Я сижу за столом, гляжу, как мимо несется поток вагонов. Мы медленно набираем скорость, оставляем другой поезд позади. Снова притормаживаем — проезжаем место крушения. Рядом с путями громоздятся товарные вагоны, исковерканные рельсы вздымаются с опаленного настила, как скрученные провода, и дым головешек растворяется в тумане под яркими дуговыми лампами. Аварийный состав стоит чуть дальше, его прожектора светятся. Наш поезд набирает скорость, и вагон, в котором я сижу, тихо подрагивает.
Туман пронизан лучами прожекторов. Мы проскакиваем главную станцию секции, несемся мимо других поездов, мимо трамваев, мимо уличных фонарей, транспортных магистралей и зданий. Мы все еще разгоняемся. Огни редеют, мы почти проехали секцию. Я еще секунду-другую гляжу на огни, затем иду в конец вагона, где находится дверь. Опускаю оконное стекло и выглядываю в туман, с ревом проносящийся мимо меня, с ревом, модулированным неразличимыми фермами моста, и эхом отзывающийся на стремительное продвижение поезда, а характер эха зависит от плотности окружающих ферм и зданий. Позади остаются огни последних домов; я расстегиваю больничный браслет, медленно, болезненно стягиваю его с запястья, лижу там, где застревает, наконец решительно срываю, при этом порезавшись.

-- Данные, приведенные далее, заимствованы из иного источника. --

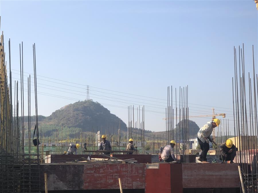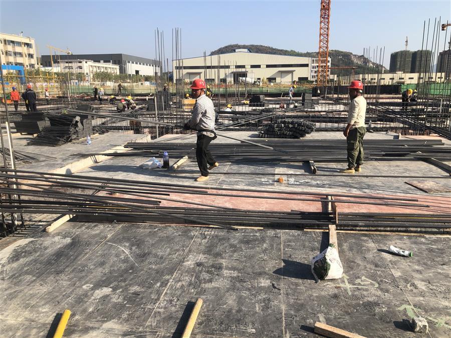 該項目是柳州市重點項目,總建筑面積為8.7萬平方米。目前靜壓樁施工已全部完成;1號樓E區(qū)頂板完成;H區(qū)底板完成;F區(qū)與G區(qū)底板防水保護層完成;2號樓A區(qū)二層模板安裝完成,D區(qū)負(fù)一層滿堂架搭設(shè)完成。

Мы пересекаем соединительный пролет. Невидимая граница, до которой меня пускает идентификационный браслет, еще, конечно, далеко. Маленький пластиковый обруч с моим именем. Странное это ощущение, когда его нет на запястье. Оказывается, я уже успел к нему привыкнуть. И теперь словно голый.
Я бросаю его за окно, в туман. Браслет исчезает мгновенно.
Закрываю окно, возвращаюсь в купе. Надо отдохнуть, а там посмотрим, далеко ли я уеду.
Эоцен
…Так что, включен микрофон?
А, вот вы где? Что ж, хорошо… Беспокоиться не о чем, никакой тут не бардак, ей-богу. Наоборот, полный порядок. Все под контролем, на мази и работает как часики. Лучше просто не бывает. «Мы знали все время, что хрень включена». Это цитата из бессмертного… Что-что? Виноват, виноват, цитата из смертного Джими Хендрикса. Ну, так на чем я остановился? Ах да.
Так вот, состояние пациента стабильное: он мертв. Стабильнее, блин, не бывает, правильно я говорю? Конечно, конечно, гниение и все такое.
Я просто шучу, такой уж у меня юмор. Господи боже, некоторые люди совершенно шуток не понимают. Эй, вы там, на галерке! Угомонитесь.
Ну что ж, ребята, двинули дальше (оказывается). Откуда и куда? Вопрос не в бровь, а в глаз.
Рад, что вы его задали. А знает ли кто-нибудь ответ? Нет?
Черт. Ну да ладно.
Куда меня тащат? И главное, за что? Да кто меня спрашивал? Вы, уроды! Кому-нибудь пришло в голову поинтересоваться: «Ты, как там тебя… не возражаешь, если мы тебя переведем?» А? Фигушки! А может, там, откуда я взялся, мне совсем не плохо жилось. Кто-нибудь из вас об этом подумал?